Bobbins I can't imagine what you must have gone through losing your ds like that, I really feel for you. But I can relate to the way you are feeling about having another child. The time thing wasn't an issue for me, but I was so desperate to have children that I chose to go the single parent route. I was 18.

You do have time yet, and I can understand your dp's hestitations. You've only been together 5 months and I would think the last thing most 22 yr old men are thinking about is children.

I don't know what to say, I can understand how you feel, but I can also understand your dp's feelings too. It's not really something you can rush. I think you need to really sit down and talk very honestly about what you want and what you feel. HTH a little. Good luck.

lucy123 · 28/02/2003 20:15

Oh Bobbins - I remember your posts from last year and I can imagine exactly how you feel.

My body clock kicked in early and I knew I wanted a baby a few years ago. My partner at the time was dead against having children ever and I found myself in a similar situation to the one you're in now (though admittedly I was younger).

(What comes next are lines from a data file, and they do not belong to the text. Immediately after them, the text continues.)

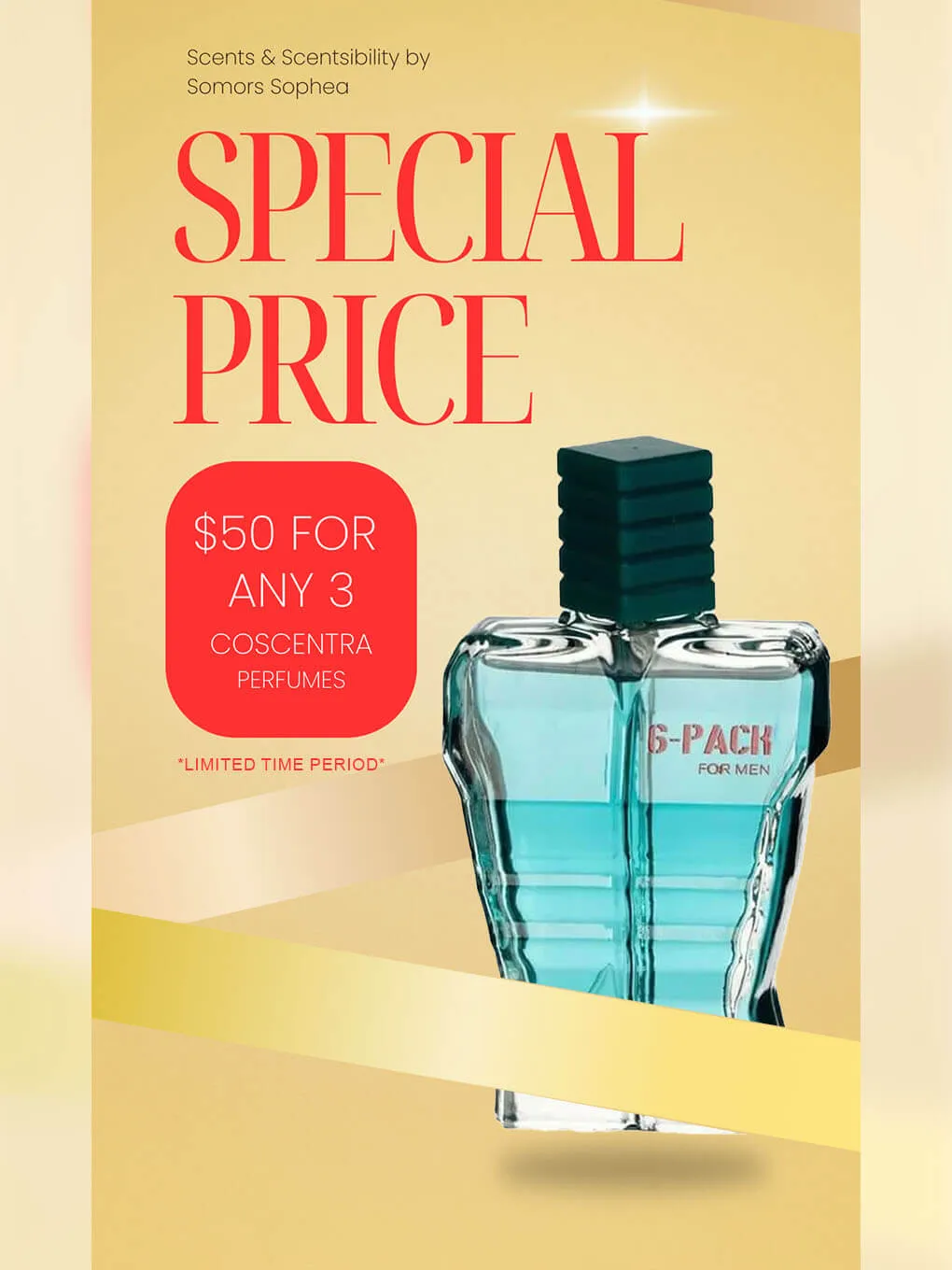 COSCENTRA 6-PACK FOR MEN EDT 100ML ($50 FOR ANY 3 COSCENTRA PERFUMES)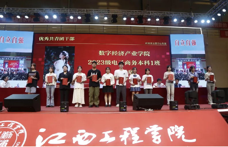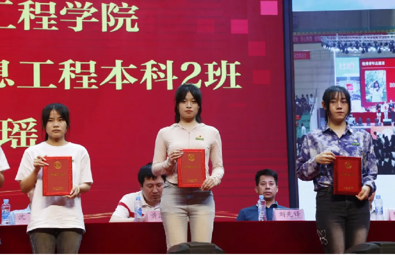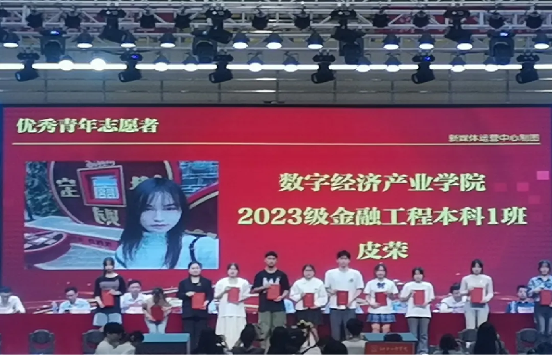 公司员工代表优秀共青团干部2023级电子商务本科1班王季欣、优秀青年志愿者2023级金融工程本科1班皮荣上台领奖。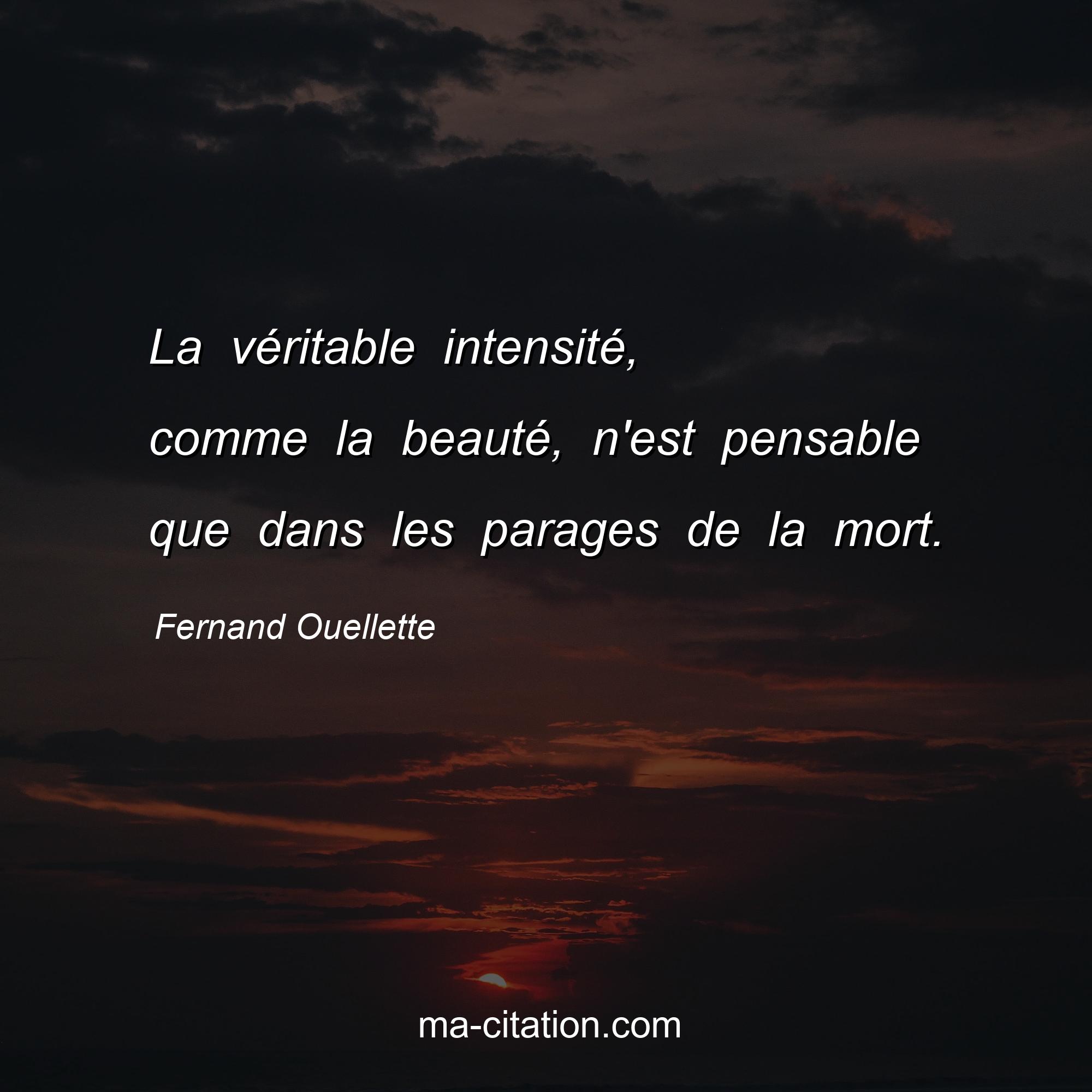 Citation sur la vie de Fernand Ouellette :La véritable intensité, comme la beauté, n'est pensable que dans les parages de la mort.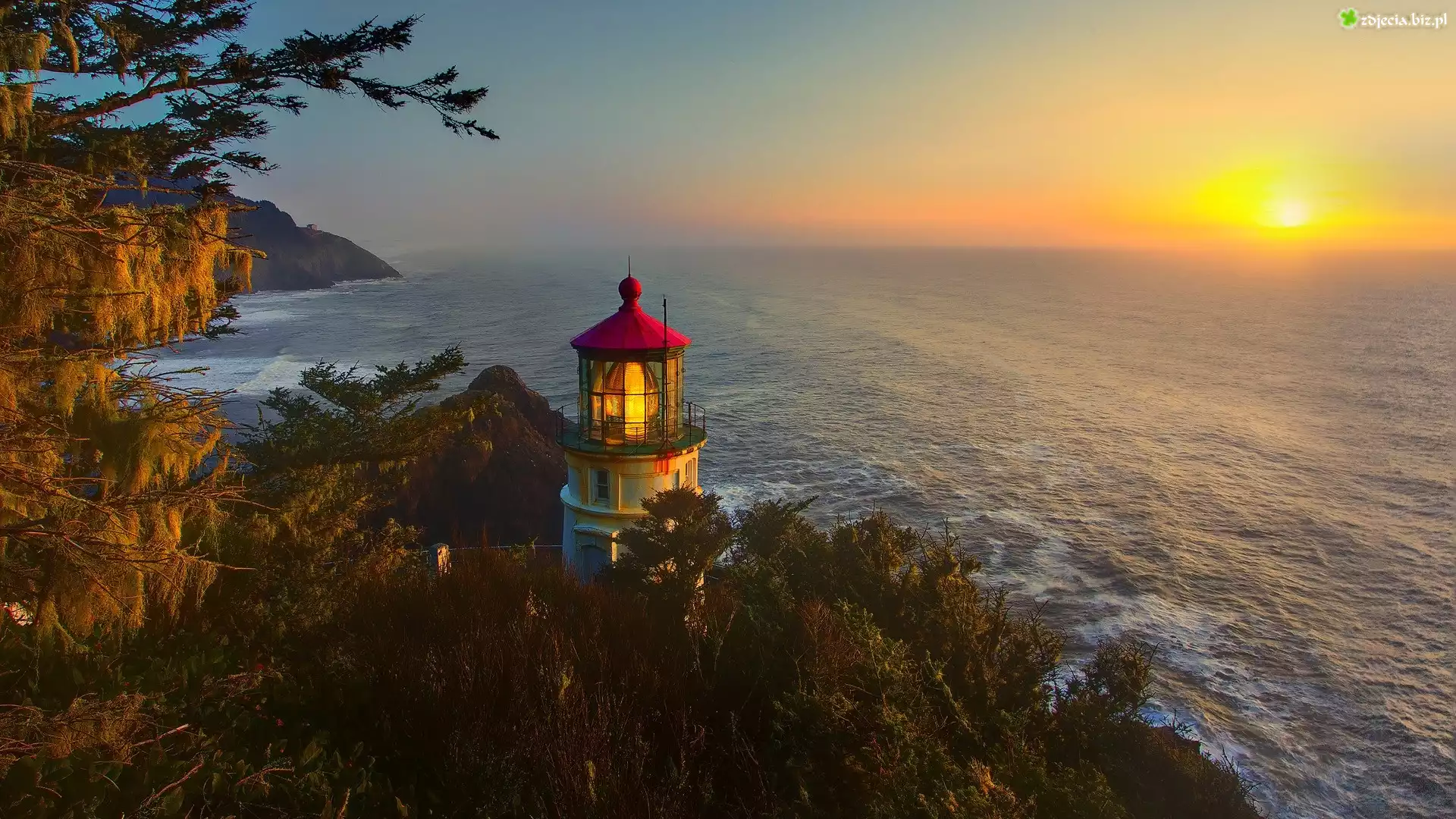 Zdjęcie Zachód, Słońca, Morze, Brzeg, Drzewa, Latarnia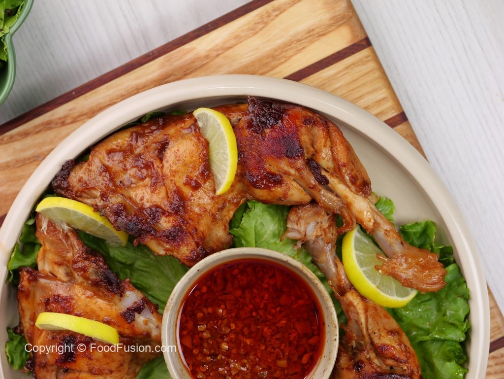 -Chicken pieces dal ker ache tarhan coat karein aur cling film sa cover ker la 4 hours or overnight kliya refrigerator mein marinate ker lein.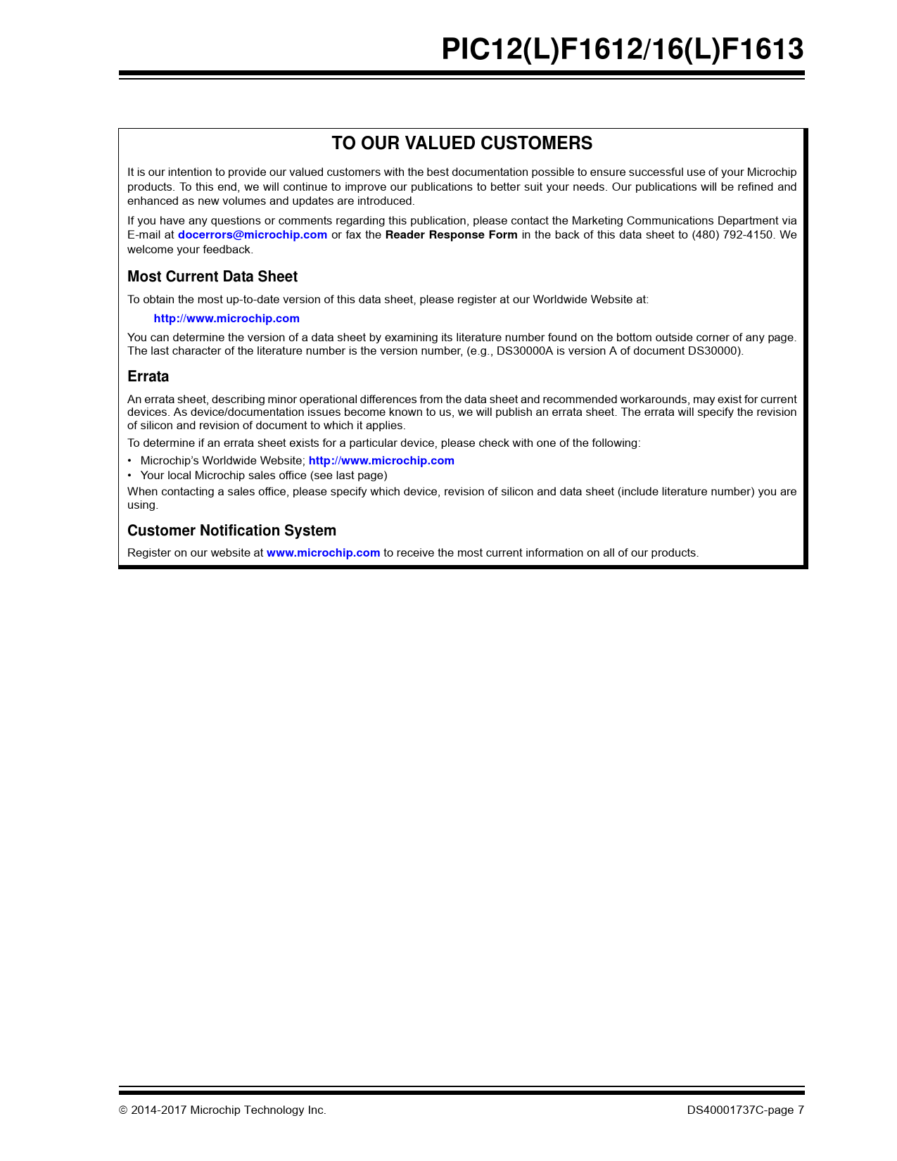 | 页数 / 页 | 397 / 7 — PIC12(L)F1612/16(L)F1613. TO OUR VALUED CUSTOMERS. … |
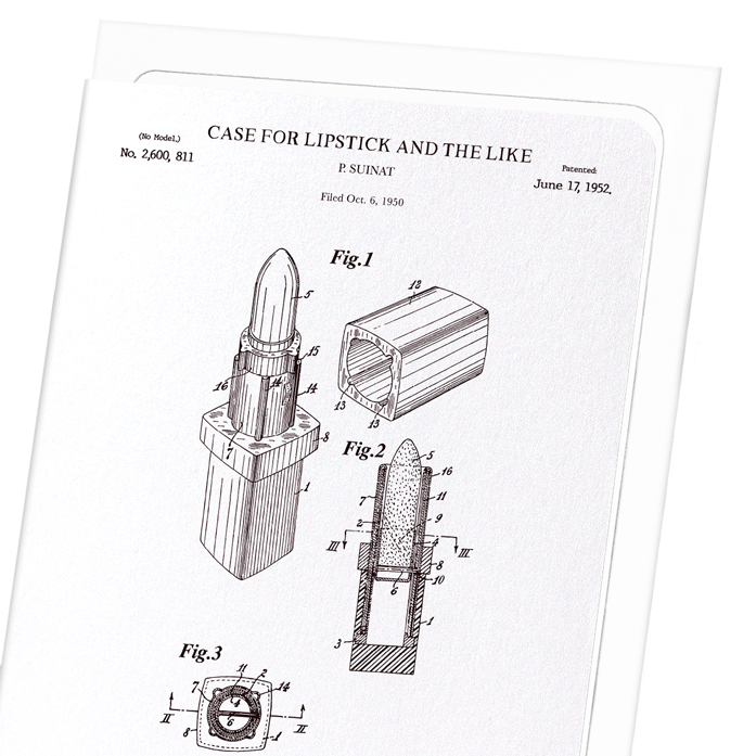 PATENT OF LIPSTICK CASE (1952): Patent Greeting Card

In the end I decided to give it two years. I told him that at the time, but didn't mention it again as I didn't want him to ever be able to say that I'd nagged him into starting a family. In 18 months he decided that we should perhaps have a baby and here we are with dd. I would have left if he hadn't changed his mind within the two years.

For you the situation is a little different as 22 is very young to be a father. However I assume that he is somewhat older emotionally than most men of his age (who would probably run a mile, rather than even try to go on with this relationship). Maybe something along those lines would work for you.

If you do finish the relationship though, it would probably do you good to try to think of other things for a while. It sounds like you might as well be wearing a T-shirt that says "I want a baby" and that may not be the best start to any new relationship. Alternatively, if you were to go down the sperm donation route, you wouldn't have to be the classic coping-with-everything single mother - for one thing it sounds like your Dad is much more understanding (and helpful?) than most.

Sorry I'm rambling a bit. I think you should try waiting (hard I know).

Bobbins · 28/02/2003 20:19

anais> are you still a single parent?

Before I had Harvey I never felt this yearning, but the loss of Harvey, AND my mum just wants me to be nurturing all over again.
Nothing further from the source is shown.